|Microsurgery: Transplantation and Replantation by Harry J. Buncke, MD, et al.|
| Rupture of C5 and C6 with intradural avulsion of C7 (FIG. 45-05). In such cases, we refuse to neurotize the C7 root by intercostal nerves, given its diffusion in a large portion of the upper limb; instead, we use the C5 and C6 roots according to the scheme we have described above, as if we were dealing with an isolated lesion of C5 and C6.
Rupture of C5 with indural avulsion of C6 and C7 (FIG. 45-06). Two methods are possible. C5 can be grafted to the suprascapularis nerve and the musculocutaneous nerve, or the suprascapularis nerve can be neurotized with the spinal accessory nerve and C5 grafted to the lateral cord and possibly to the upper origin of the posterior cord.
Intradural avulsion of C5, C6 and C7 with integrity of C8 and T1 (FIG. 45-07). These lesions are infamous because there is no longer possibility of controlling the scapulothoracic articulation. We perform either a spinohumeral neurotization or a neurotization of the supraspinatus muscle with the spinal accessory nerve and the biceps with three intercostal nerves. Figures 45-8 through 45-10 show the results of neurotization of the biceps nerve by the spinal accessory nerve in a 6-year-old boy.

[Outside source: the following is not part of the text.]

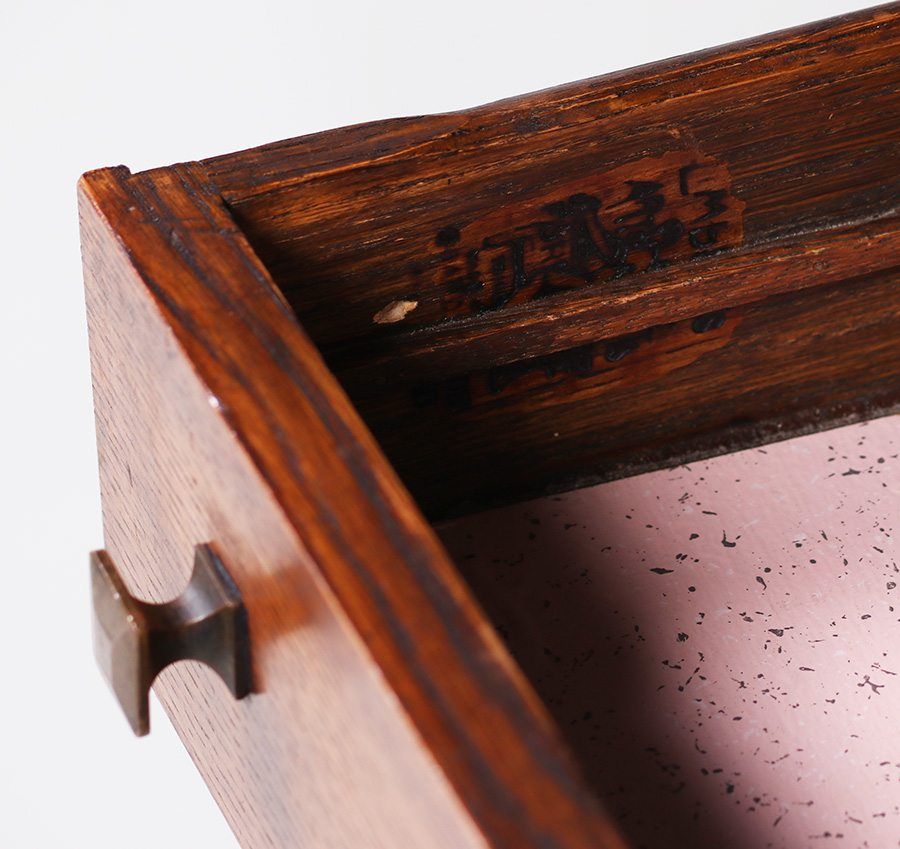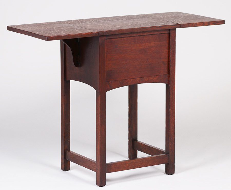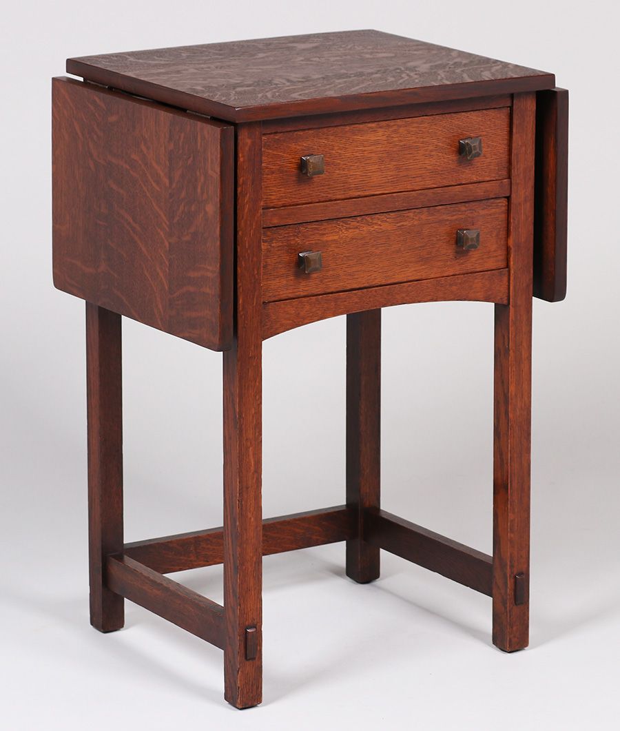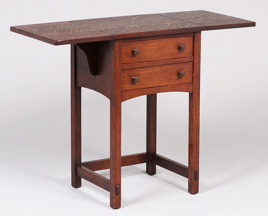 Limbert two-drawer drop-leaf side table. Signed. Top refinished, otherwise excellent original finish. 29″h x 17.75″w (38.5″w open) x 16″d SOLD

Rupture of C5 and C6 with intradural avulsion of C7, C8 and T1 (Figs. 45-11 to 45-13). When the loss of substance is minimal, the grafting scheme is similar to that used for isolated rupture of C5 and C6, i.e., C8 and TI are neurotized with intercostal nerves. This type of neurotization aims to restore trophic condition and protective sensitivity to the forearm and hand. More than 2 years are needed to obtain such a result (FIG. 45-11).
| Conversely, if the grafts between C5/C6 and the lateral cord must be long, we prefer to use the vascularized ulnar nerve to bridge the loss of substance. The graft can be used as a free graft with microvascular anastomosis (the vascularized free grafts being 12 to 18 cm long) (FIG. 45-12) or for technical reasons, it can be pedicularized on the proximal collateral ulnar artery originating in the brachial artery; in this case, the folded graft is no longer than 20 cm (FIG. 45-13).
Rupture of C5 with intradural avulsion of C6, C7, T1 FIG. 45-14). When only one root can be used, we neurotize the suprascapularis nerve with the spinal accessory nerve; the C5 root is grafted to the musculocutaneous nerve; if the root contains enough fascicles, one or two grafts are directed to the radial nerve. Complementary neurotization can be done to enhance forearm trophic condition by neurotizing C8 and D 1 with intercostal nerves.
Total intradural avulsion of the brachial plexus, from C5 to T1 (FIG. 45-15). In this case, we neurotize the musculocutaneous nerve with the spinal accessory nerve and the inferior trunk with three intercostal nerves; an alternate solution is to neurotize the suprascapular nerve with the spinal accessory nerve and the biceps muscle with intercostal nerves.